Canadians still reluctant to admit to mental illness at work: survey

The majority of Canadians said they’d either be reluctant to admit (48 per cent) or wouldn’t admit (27 per cent) to a boss or co-worker that they’re suffering from a mental illness, according to a new survey by RBC Insurance.

Furthermore, the proportion (27 per cent) who said they wouldn’t admit they’re suffering from a mental illness is almost three-times as high as it was for a physical illness (10 per cent).

The top reasons for either not admitting or being reluctant to admit a mental illness are: believing there’s a public stigma around mental health (45 per cent); not wanting to be treated differently (44 per cent); not wanting to be judged (40 per cent); and fear of negative consequences, such as losing their job (36 per cent).

Read: Majority of Canadians suffering from a mental-health issue, sleeping disorder: survey

The survey also found more Canadians are recognizing depression (53 per cent) and anxiety (41 per cent) as disabilities compared to last year’s survey (47 per cent and 36 per cent, respectively).

“It’s encouraging to see that Canadians are making the connection between mental illness and disability, most likely because of educational efforts and the openness of those who are willing to share their personal struggles,” said Maria Winslow, senior director, life and health at RBC Insurance, in a press release. “However, it’s apparent that the perception of stigma still exists, which impedes some people’s ability or willingness to speak up and seek help.”

About half (47 per cent) of survey respondents said they believe if they admitted they’re suffering from a mental illness to their boss or co-worker, their ability to do their job would be questioned.
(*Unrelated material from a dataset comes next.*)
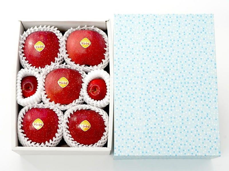 りんごを化粧箱に入れてお送りいたします。3箱まで一括して発送が可能です。 りんご1個のサイズは300g前後のものです。

Another 20 per cent said they feel their boss or colleague would see them in a negative light or distance themselves. In comparison, only seven per cent said they feel the same way about a physical illness.

Read: A primer on supporting employees with mental illnesses

However, when asked how they’d react if their boss or co-worker admitted they’re suffering from a mental illness, 76 per cent said they’d be completely comfortable and supportive.

Encouragingly, Canadians are recognizing the importance of disclosing a mental illness. Three quarters (75 per cent) of respondents said they believe not doing so would have a negative impact on their own personal well-being, followed by relationships with family (66 per cent), productivity at work (65 per cent), relationships with friends (64 per cent) and relationships with co-workers (64 per cent). More than half (57 per cent) said they believe it would negatively impact how quickly they can return to work following a leave.

“Canadians fear repercussions if they admit to a mental illness, which may prevent them from getting the help they need,” said Winslow. “However, if left untreated, a mental illness can ultimately have greater consequences if it leads to job loss and financial strain, particularly if an individual doesn’t have adequate coverage in place.”